▶ [What is needed]: Your copy should repeat each record exactly and contain none of the pictures.
== Source material
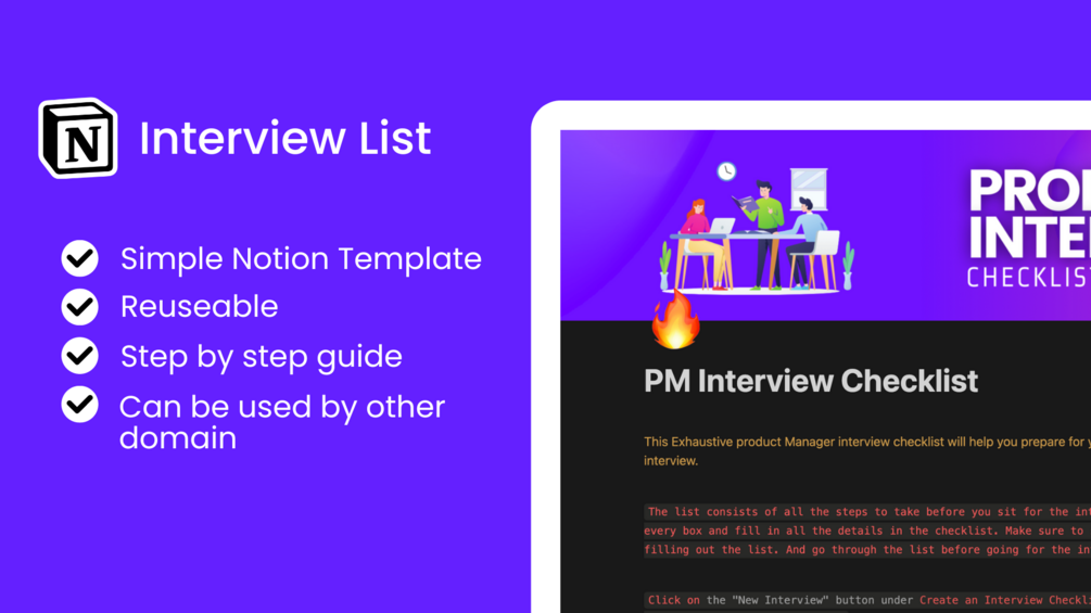 Unlock your path to success in product management with our meticulously crafted PM Interview Checklist Notion Template. Whether you're preparing for your very first product interview or looking to refine your approach, this template is your ultimate guide to ensuring you're fully prepared, confident, and ready to impress.
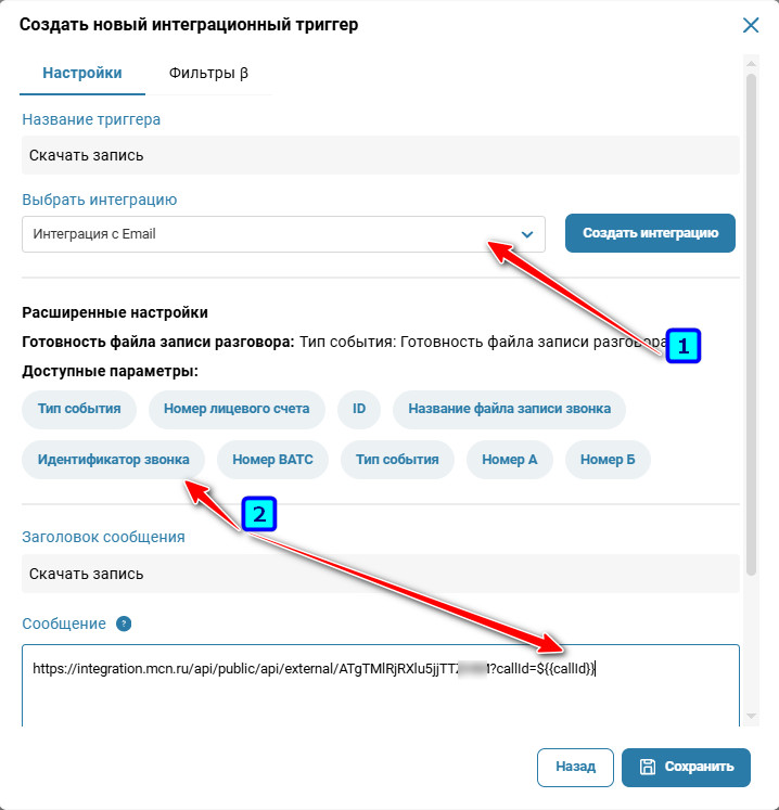 Перейдите в раздел «Интеграция» → «Интеграционные действия» и создайте триггер «Готовность файла записи разговора».
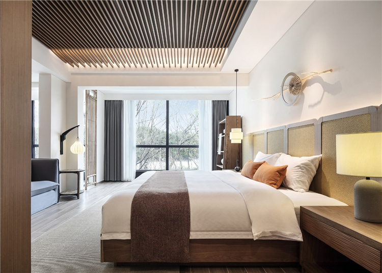 客房布草装饰选用棉麻材质,色彩过渡柔和,给人暖意。床头的实木雕画回归原野古朴,竹编吊灯造型各异,一花一草一木皆入景,简而裁,巧而自然。竹藏风雨,触及野趣,山居生活隐逸悠然,静念生长。
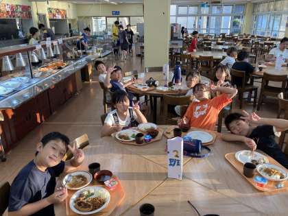 昼とは違うメニューです。メンチカツが人気です。海の活動で疲れましたが、みんな元気に過ごしています。
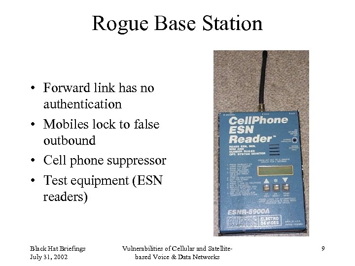 Database Theft • • Dumpster diving Insider account maintenance Hack into authorization database Hack into switch maintenance port Black Hat Briefings July 31, 2002 Vulnerabilities of Cellular and Satellitebased Voice & Data Networks 8
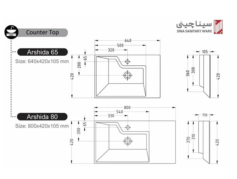مشخصات روشویی روسنگی سینا چینی مدل آرشیدا
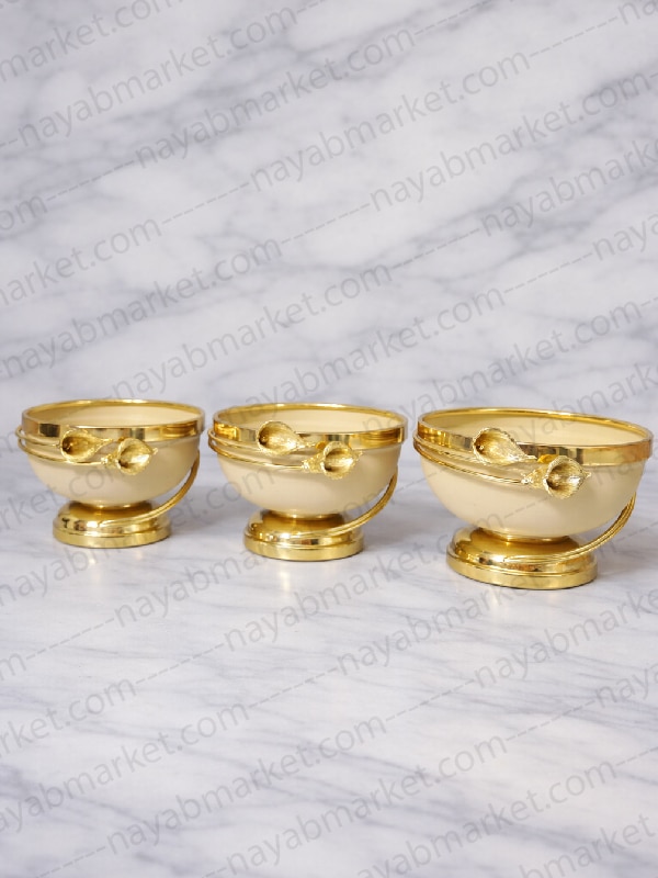 • شیرینی خوری: قطر ۳۰، ارتفاع ۱۰ • آجیل خوری: قطر ۲۲، ارتفاع ۱۴.۵ • شکلات خوری: قطر ۱۹، ارتفاع ۱۳ • اردو خوری سه پیاله با دسته: قطر هر پیاله ۱۰، ارتفاع با دسته ۳۰ |
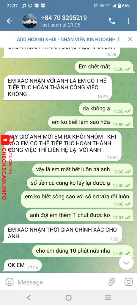 Bạn đầu mình aplly vào vị trí kế toán, công tỷ này gọi mình đặt lịch phỏng vấn và hẹn hôm này training onl, lúc đầu vào người ta cho mình chơi những cái nhỏ kiếm đc 8 9 trăm, ai ngờ sau đó lại cho chạy chương trình sổ số, số tiền đầu tư càng ngày càng cao mình ko theo kịp và giờ từ 1 đứa sinh viên nghèo vừa ko có công việc vừa nợ 15 triệu, giá như tôi tỉnh táo hơn giờ đến tiền ăn cũng ko có
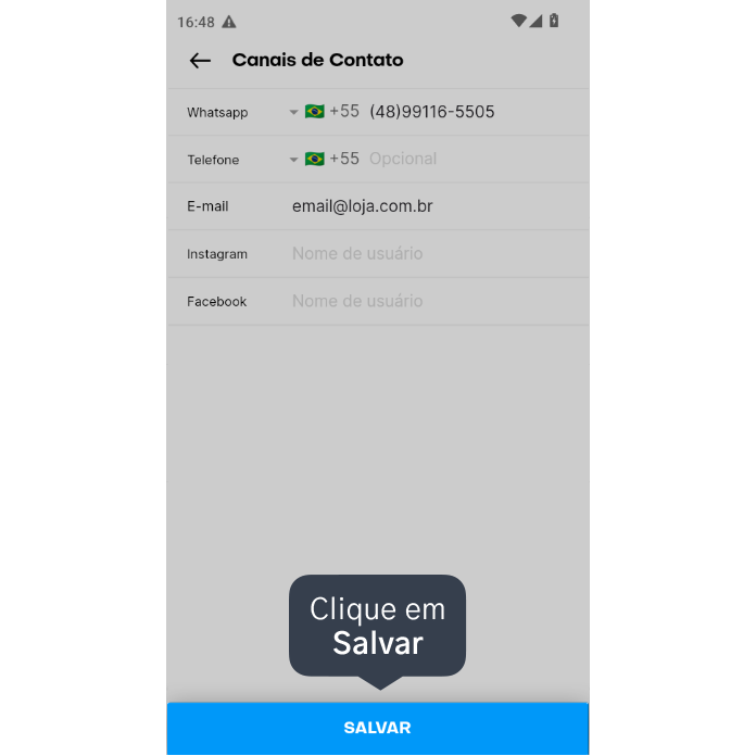Pronto! Seus canais de contato foram atualizados com as informações preenchidas e aparecerão para seus clientes no seu Catálogo online.
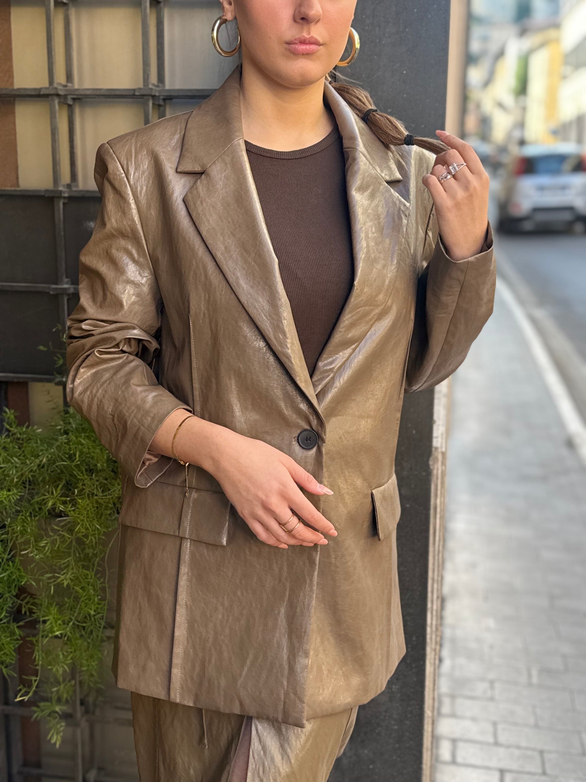 Blazer in ecopelle lucida effetto stropicciato, un petto chiusura con un bottone, tasche cucite, revere a lancia, foderata internamente.
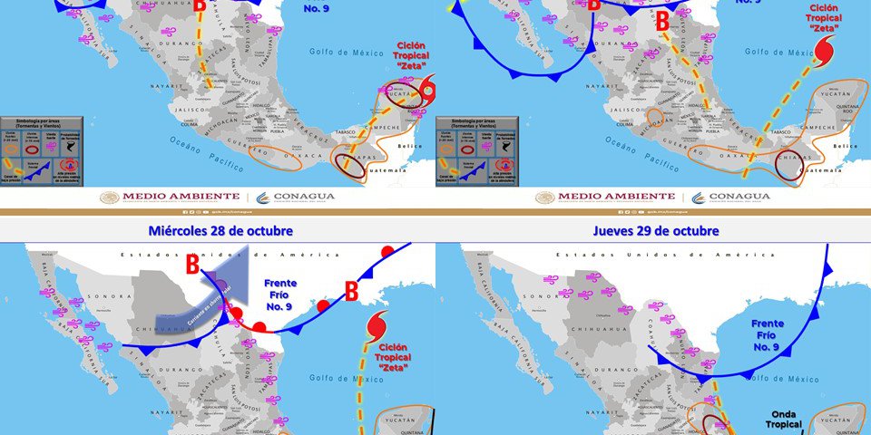 El martes y miércoles, el ciclón tropical Zeta se desplazará sobre el Golfo de México con trayectoria hacia el sureste de Estados Unidos, continuará asociado con un canal de baja presión extendido sobre el sureste del país, provocando lluvias fuertes a puntuales intensas en dicha región.
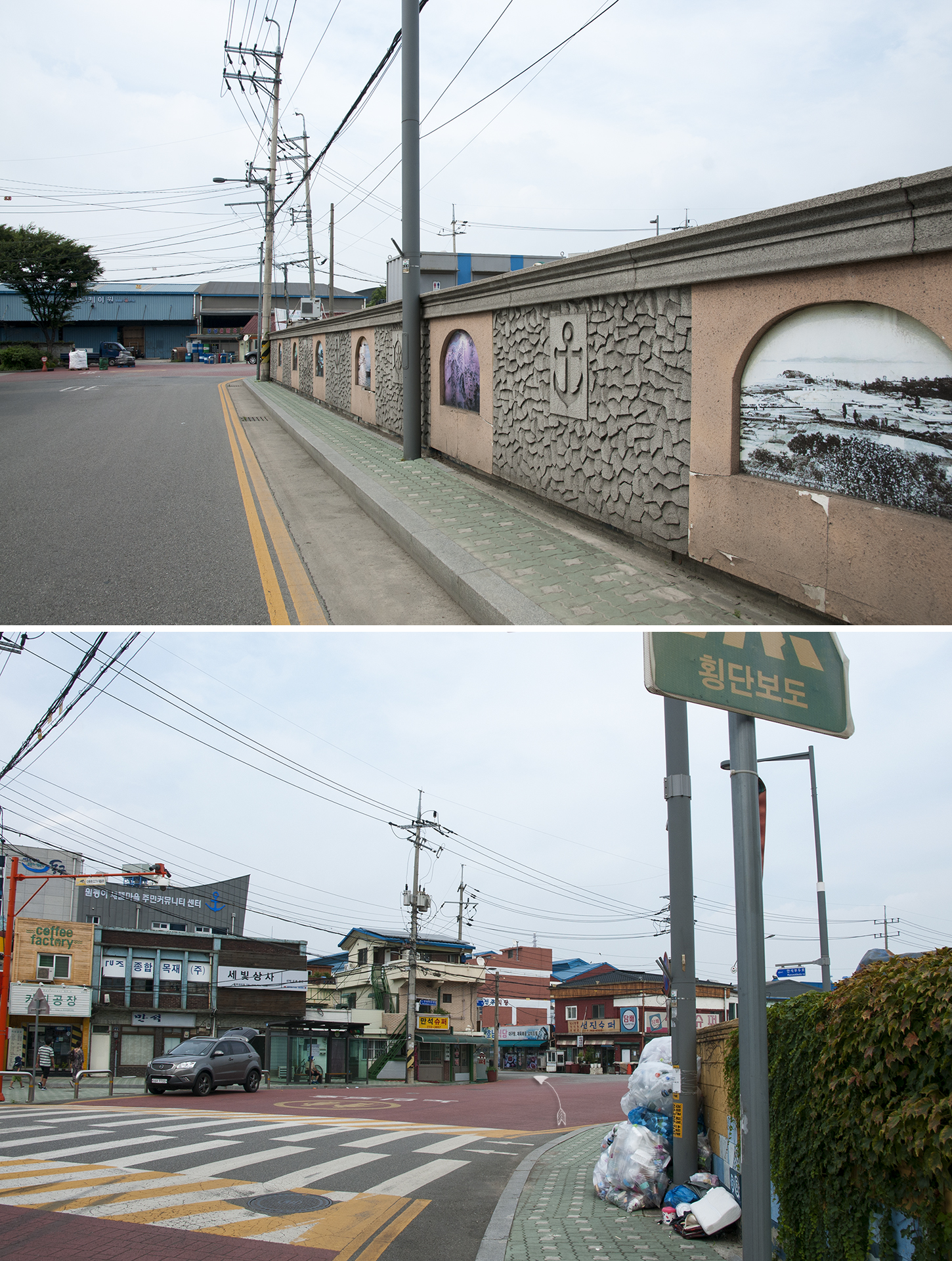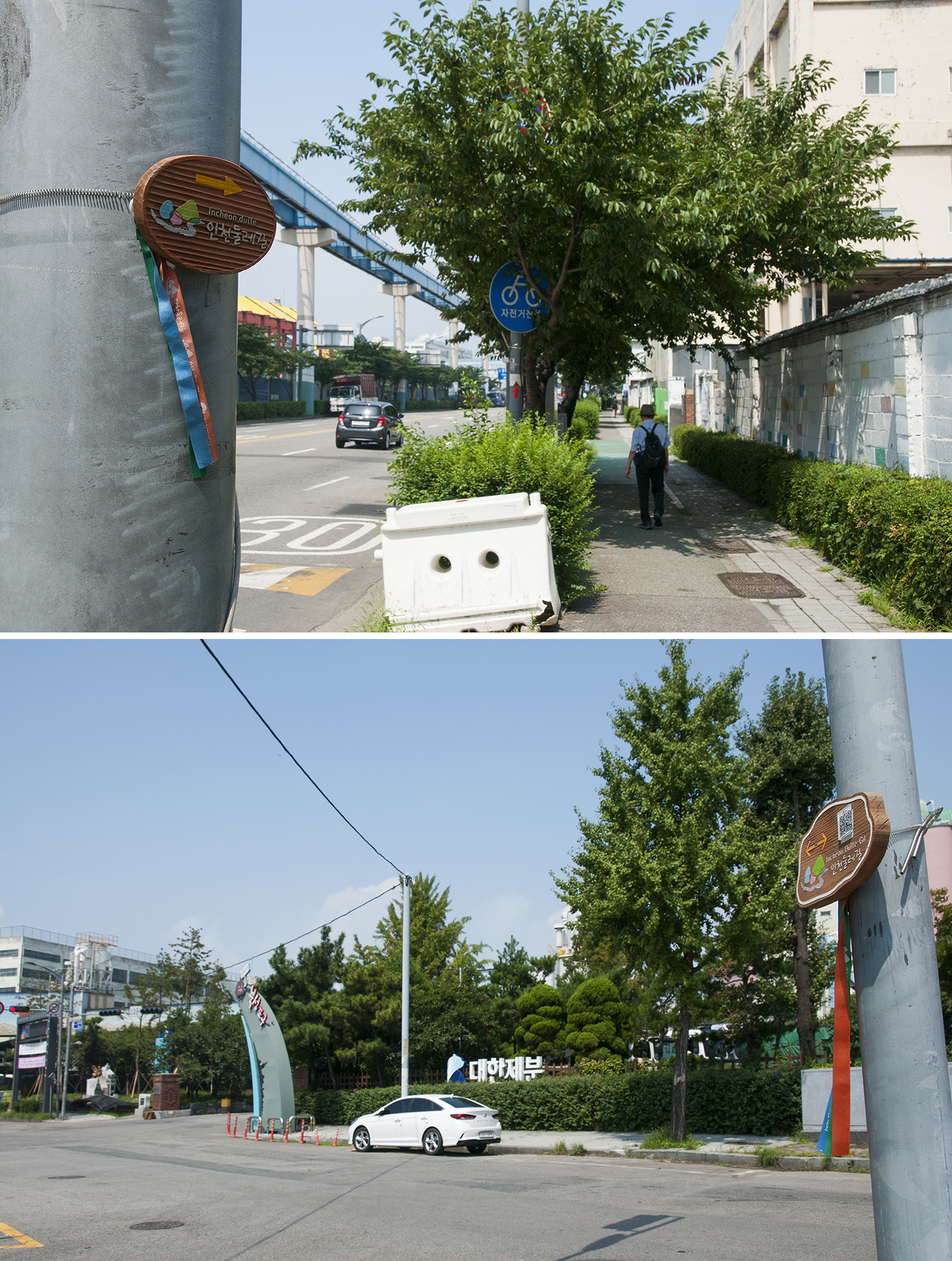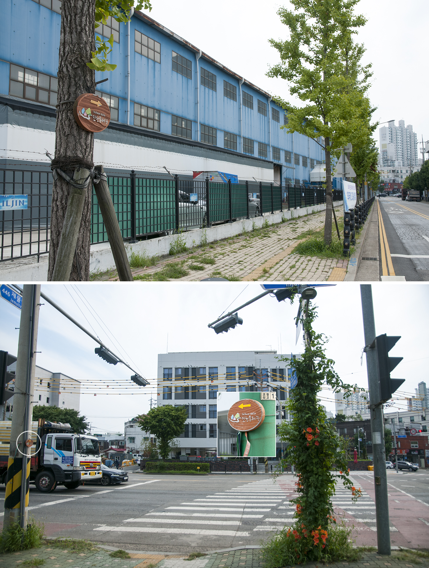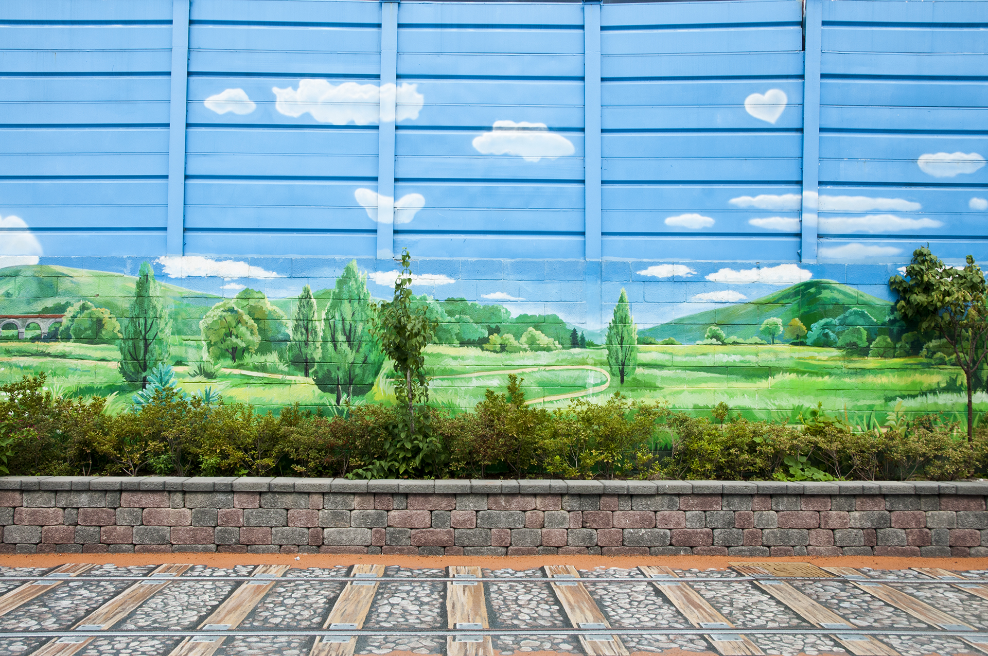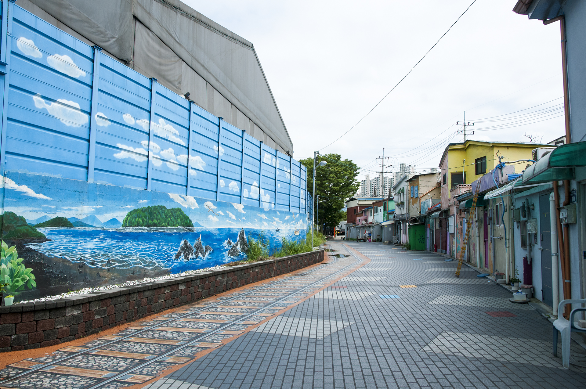 길게 뻗은 기찻길 옆으로 높게 설치되어 있던 공장의 회색빛 방음벽을 푸르게 변화시켜 놓았다.
====
▶ [Result for this task]:
 Unlock your path to success in product management with our meticulously crafted PM Interview Checklist Notion Template. Whether you're preparing for your very first product interview or looking to refine your approach, this template is your ultimate guide to ensuring you're fully prepared, confident, and ready to impress.
 Перейдите в раздел «Интеграция» → «Интеграционные действия» и создайте триггер «Готовность файла записи разговора».
 客房布草装饰选用棉麻材质,色彩过渡柔和,给人暖意。床头的实木雕画回归原野古朴,竹编吊灯造型各异,一花一草一木皆入景,简而裁,巧而自然。竹藏风雨,触及野趣,山居生活隐逸悠然,静念生长。
 昼とは違うメニューです。メンチカツが人気です。海の活動で疲れましたが、みんな元気に過ごしています。
 Database Theft • • Dumpster diving Insider account maintenance Hack into authorization database Hack into switch maintenance port Black Hat Briefings July 31, 2002 Vulnerabilities of Cellular and Satellitebased Voice & Data Networks 8
مشخصات روشویی روسنگی سینا چینی مدل آرشیدا
 • شیرینی خوری: قطر ۳۰، ارتفاع ۱۰ • آجیل خوری: قطر ۲۲، ارتفاع ۱۴.۵ • شکلات خوری: قطر ۱۹، ارتفاع ۱۳ • اردو خوری سه پیاله با دسته: قطر هر پیاله ۱۰، ارتفاع با دسته ۳۰ |
 Bạn đầu mình aplly vào vị trí kế toán, công tỷ này gọi mình đặt lịch phỏng vấn và hẹn hôm này training onl, lúc đầu vào người ta cho mình chơi những cái nhỏ kiếm đc 8 9 trăm, ai ngờ sau đó lại cho chạy chương trình sổ số, số tiền đầu tư càng ngày càng cao mình ko theo kịp và giờ từ 1 đứa sinh viên nghèo vừa ko có công việc vừa nợ 15 triệu, giá như tôi tỉnh táo hơn giờ đến tiền ăn cũng ko có
Pronto! Seus canais de contato foram atualizados com as informações preenchidas e aparecerão para seus clientes no seu Catálogo online.
 Blazer in ecopelle lucida effetto stropicciato, un petto chiusura con un bottone, tasche cucite, revere a lancia, foderata internamente.
 El martes y miércoles, el ciclón tropical Zeta se desplazará sobre el Golfo de México con trayectoria hacia el sureste de Estados Unidos, continuará asociado con un canal de baja presión extendido sobre el sureste del país, provocando lluvias fuertes a puntuales intensas en dicha región.
 길게 뻗은 기찻길 옆으로 높게 설치되어 있던 공장의 회색빛 방음벽을 푸르게 변화시켜 놓았다.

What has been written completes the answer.